GIVEN DATA
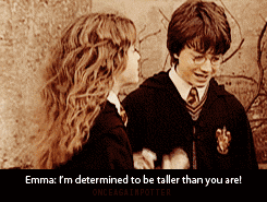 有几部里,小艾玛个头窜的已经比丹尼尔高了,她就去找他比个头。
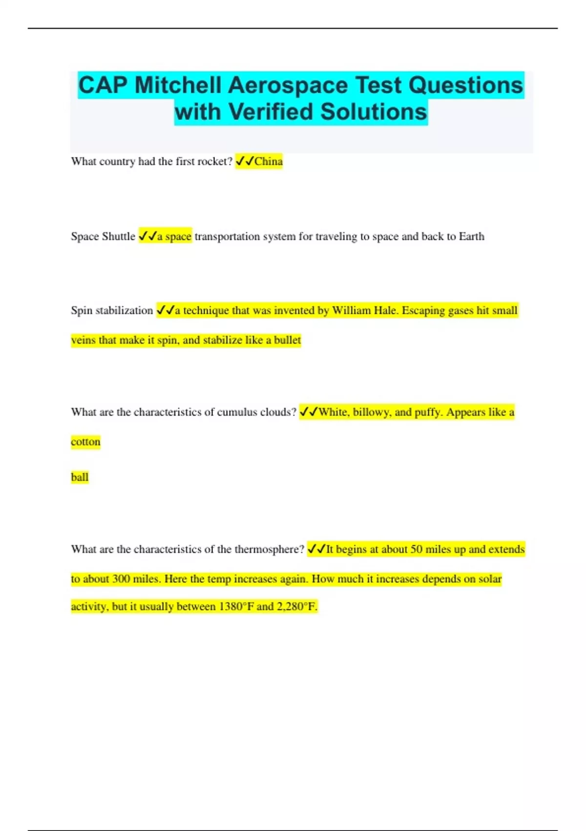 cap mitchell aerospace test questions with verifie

...

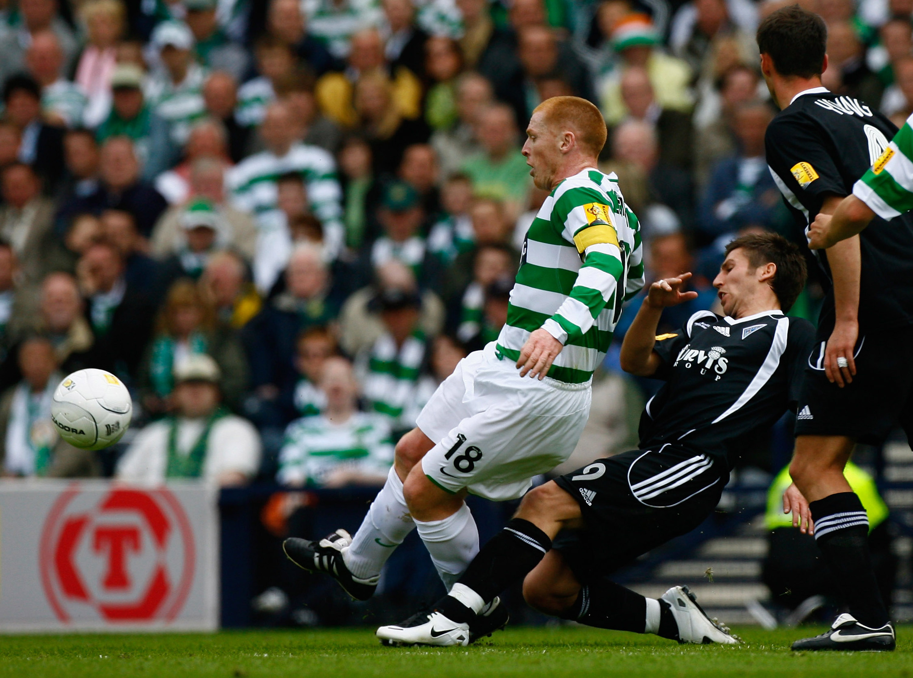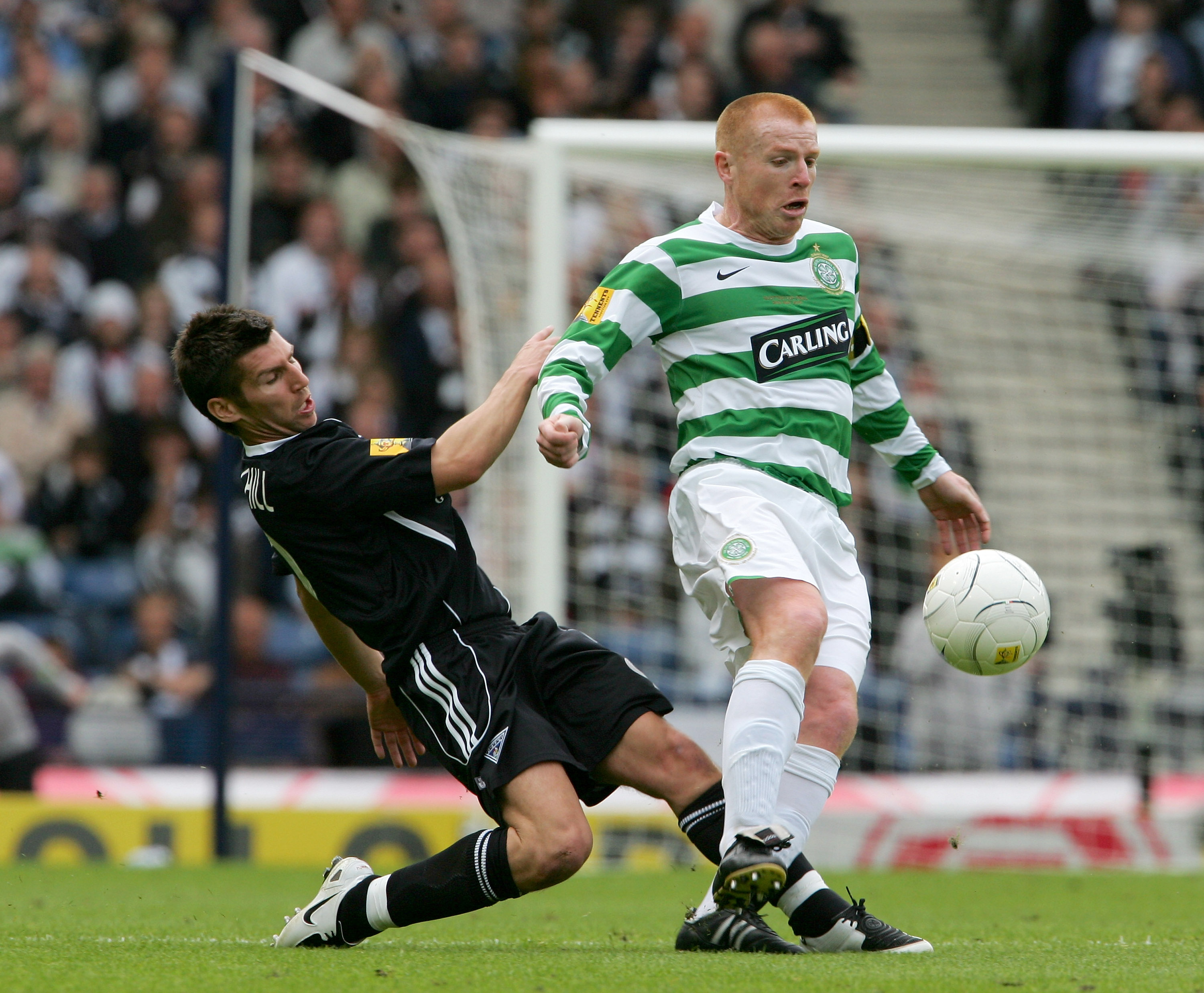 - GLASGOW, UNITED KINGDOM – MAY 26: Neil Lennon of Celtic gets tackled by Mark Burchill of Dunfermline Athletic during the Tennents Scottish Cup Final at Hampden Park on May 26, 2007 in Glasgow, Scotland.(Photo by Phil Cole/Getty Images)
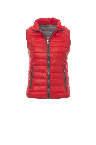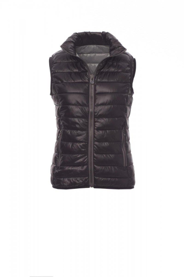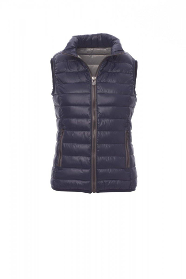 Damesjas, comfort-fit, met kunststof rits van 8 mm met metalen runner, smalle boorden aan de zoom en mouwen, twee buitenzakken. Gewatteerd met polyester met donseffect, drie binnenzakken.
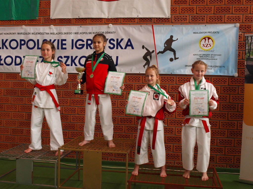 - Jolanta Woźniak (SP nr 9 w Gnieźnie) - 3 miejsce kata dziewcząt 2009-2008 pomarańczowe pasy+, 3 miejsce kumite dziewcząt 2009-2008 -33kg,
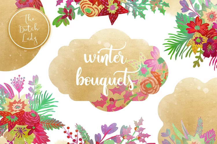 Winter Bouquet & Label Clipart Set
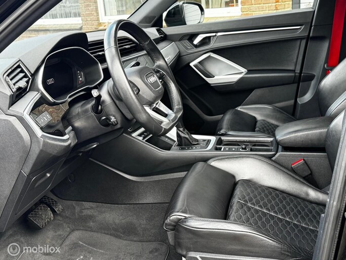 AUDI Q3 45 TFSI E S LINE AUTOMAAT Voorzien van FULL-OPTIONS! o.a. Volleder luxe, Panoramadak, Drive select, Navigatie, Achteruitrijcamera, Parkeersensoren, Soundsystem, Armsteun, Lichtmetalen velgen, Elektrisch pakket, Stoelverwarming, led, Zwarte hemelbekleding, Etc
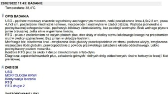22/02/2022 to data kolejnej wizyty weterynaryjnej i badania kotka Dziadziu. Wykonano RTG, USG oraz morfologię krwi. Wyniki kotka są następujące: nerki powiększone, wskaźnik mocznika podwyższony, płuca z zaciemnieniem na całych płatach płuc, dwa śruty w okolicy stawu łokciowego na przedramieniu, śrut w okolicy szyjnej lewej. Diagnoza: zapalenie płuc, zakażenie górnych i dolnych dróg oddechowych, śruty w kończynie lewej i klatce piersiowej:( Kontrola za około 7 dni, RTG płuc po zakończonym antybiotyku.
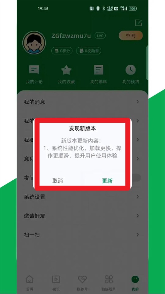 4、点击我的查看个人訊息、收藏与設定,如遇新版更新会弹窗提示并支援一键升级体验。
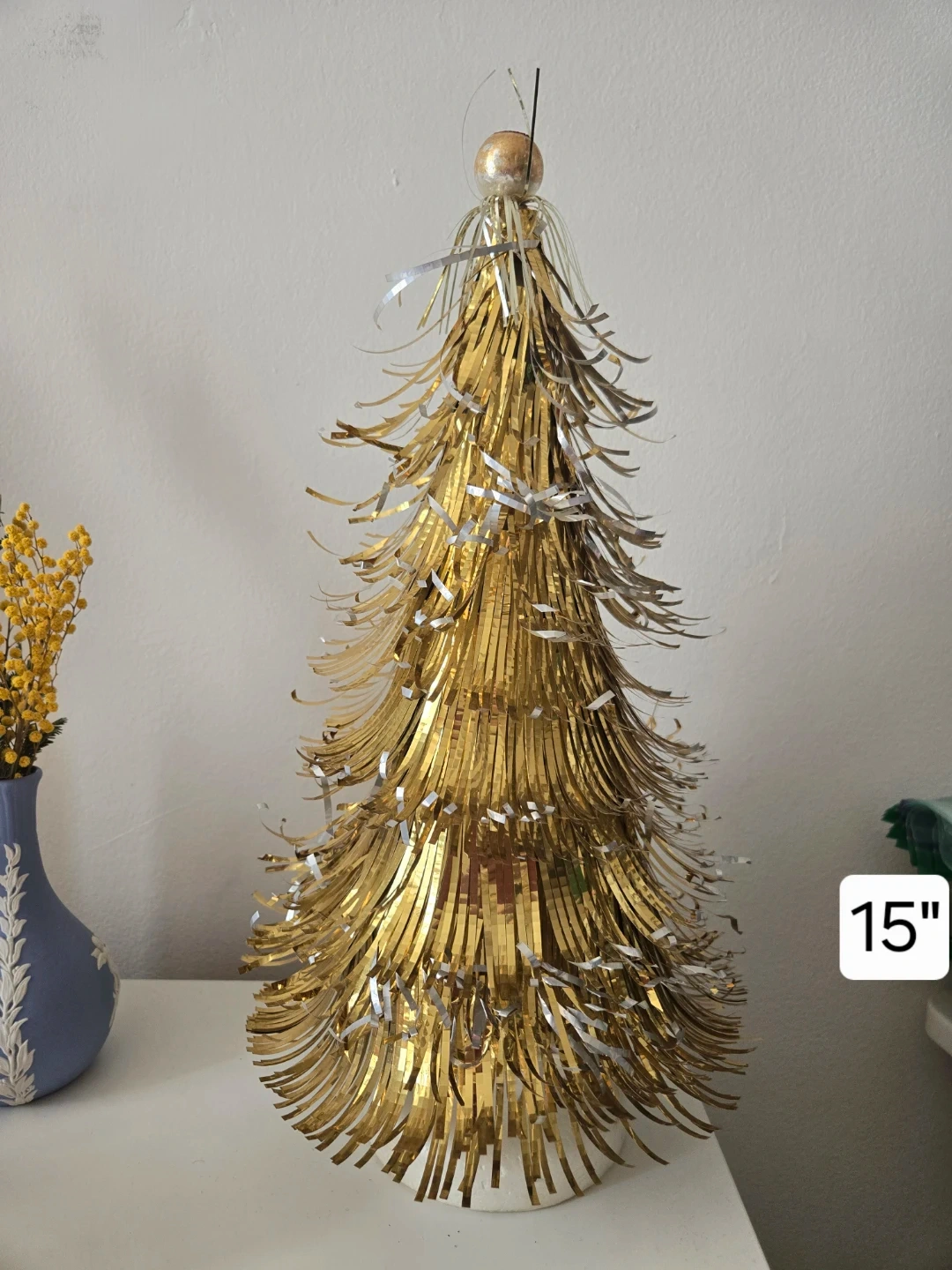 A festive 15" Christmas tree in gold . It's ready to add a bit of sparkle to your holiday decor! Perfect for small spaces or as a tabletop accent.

TASK DIRECTIONS
Copy only what runs above from the line containing "有几部里,小艾玛个头窜的已经比丹尼尔高了,她就去找他比个头。" through the line containing "cap mitchell aerospace", exactly. Leave out the pictures.

WORKED SOLUTION
 有几部里,小艾玛个头窜的已经比丹尼尔高了,她就去找他比个头。
 cap mitchell aerospace test questions with verifie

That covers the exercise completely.